[Opening Available data section]

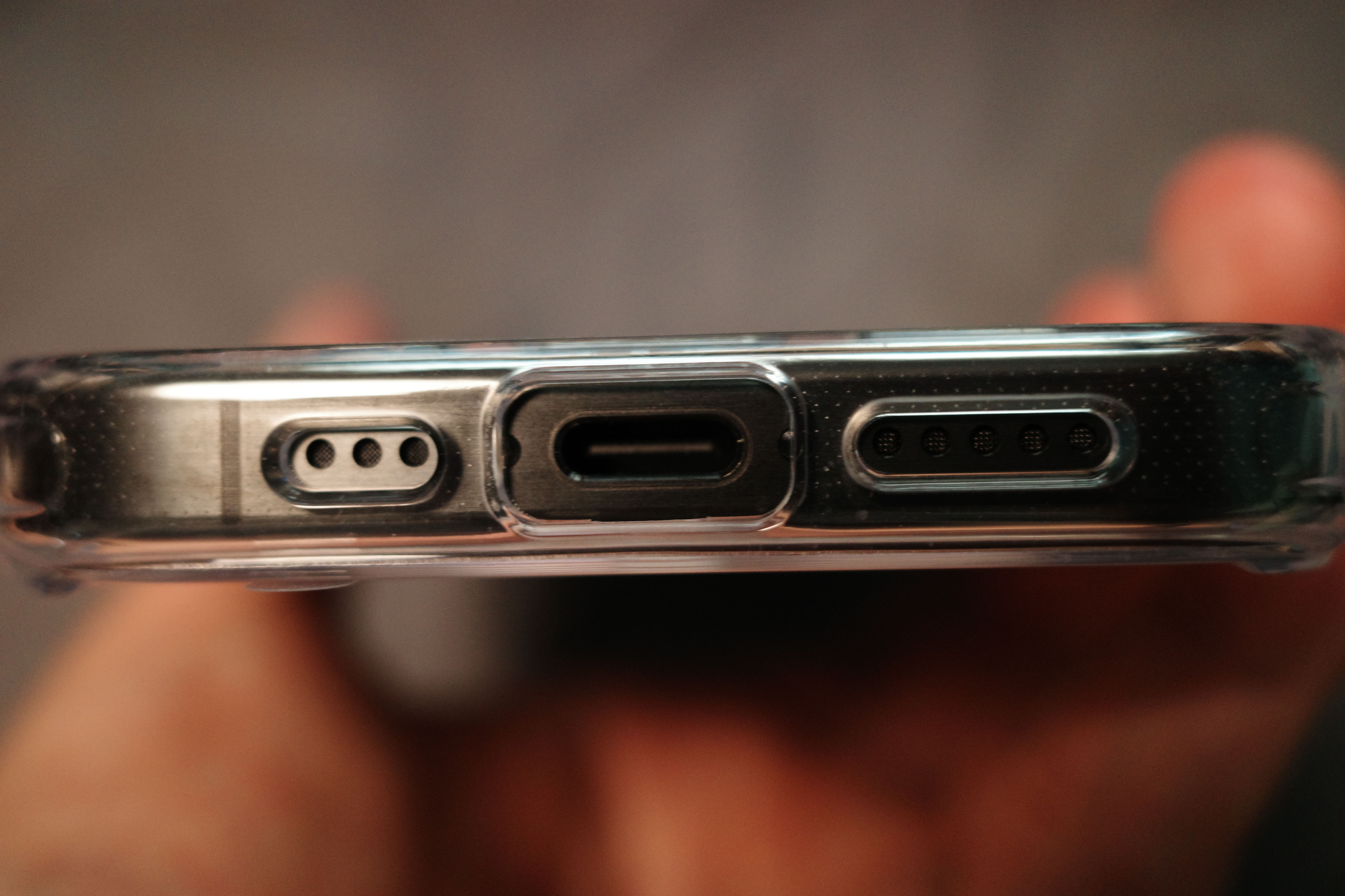 스피커 구멍 및 충전단자 부근은 잘 맞춰 뚫려있으며 충전단자 부근을 조금 더 크게 뚫어 조금 두꺼은 USB-C타입의 충전선도 연결 가능하게 되어있습니다.
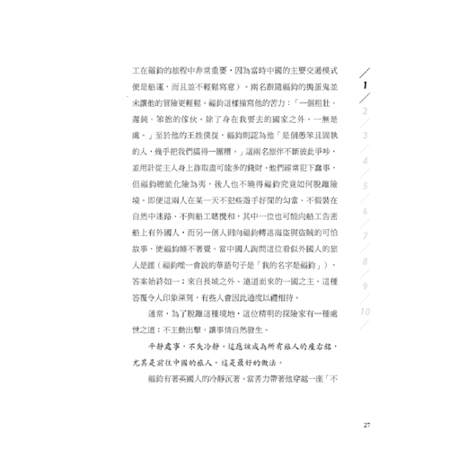 我喜愛冒險家,而且是真正的冒險家,是那些為了科學、知識和發現而踏遍世界各地的冒險家。他們不見得長得像印第安納.瓊斯的演員哈里遜.福特(Harrison Ford,1942-)或詹姆斯.龐德的第一代演員史恩.康納萊(Sean Connery,1930-2020)。但他們都是前無古人的重要人物,彷彿是小說中才會存在的人物。以福鈞為例。他肩負間諜任務,冒著生命危險前往中國的偏僻角落歷險,同時要保持英式的冷靜自持。至於萊佛士(Stamford Raffles,1781-1826),他為現代新加坡打下基礎,並為了探索自然奇觀而花上不少時間在叢林中長途跋涉。
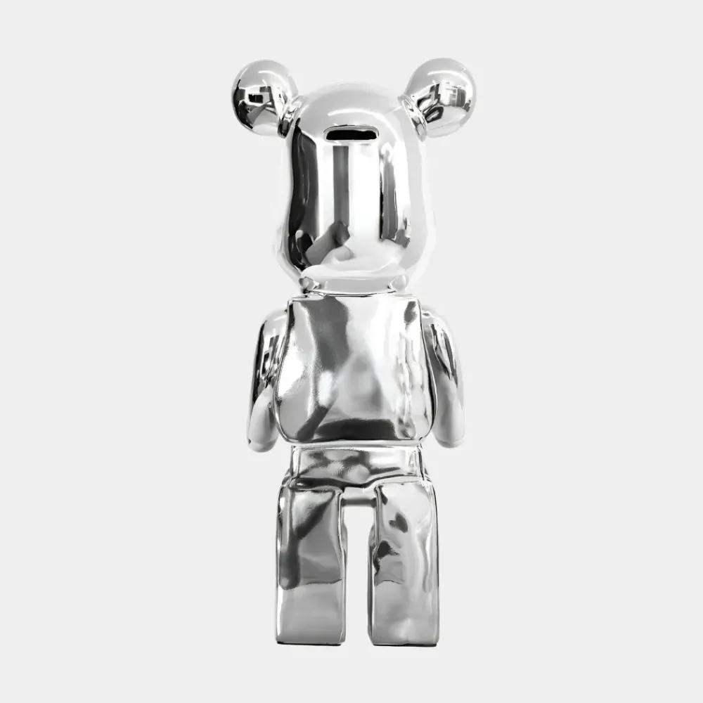 Introducing the Aero Bear Sculpture: a masterpiece that combines luxury and contemporary artistry. Crafted from premium resin this stunning sculpture features a sleek, stylised bear finished with an exquisite electroplated coating. The high-gloss finish achieved through a meticulous process, creates a flawless surface that captures and reflects light, enhancing the bear’s intricate design and graceful form. At 50cm tall, it stands as a bold centrepiece adding sophistication and artistic allure to any space.

[Closing Available data section]

Exercise objective – Every line above should be retyped exactly; the pictures do not belong in the copy.

Output for this exercise –
 스피커 구멍 및 충전단자 부근은 잘 맞춰 뚫려있으며 충전단자 부근을 조금 더 크게 뚫어 조금 두꺼은 USB-C타입의 충전선도 연결 가능하게 되어있습니다.
 我喜愛冒險家,而且是真正的冒險家,是那些為了科學、知識和發現而踏遍世界各地的冒險家。他們不見得長得像印第安納.瓊斯的演員哈里遜.福特(Harrison Ford,1942-)或詹姆斯.龐德的第一代演員史恩.康納萊(Sean Connery,1930-2020)。但他們都是前無古人的重要人物,彷彿是小說中才會存在的人物。以福鈞為例。他肩負間諜任務,冒著生命危險前往中國的偏僻角落歷險,同時要保持英式的冷靜自持。至於萊佛士(Stamford Raffles,1781-1826),他為現代新加坡打下基礎,並為了探索自然奇觀而花上不少時間在叢林中長途跋涉。
 Introducing the Aero Bear Sculpture: a masterpiece that combines luxury and contemporary artistry. Crafted from premium resin this stunning sculpture features a sleek, stylised bear finished with an exquisite electroplated coating. The high-gloss finish achieved through a meticulous process, creates a flawless surface that captures and reflects light, enhancing the bear’s intricate design and graceful form. At 50cm tall, it stands as a bold centrepiece adding sophistication and artistic allure to any space.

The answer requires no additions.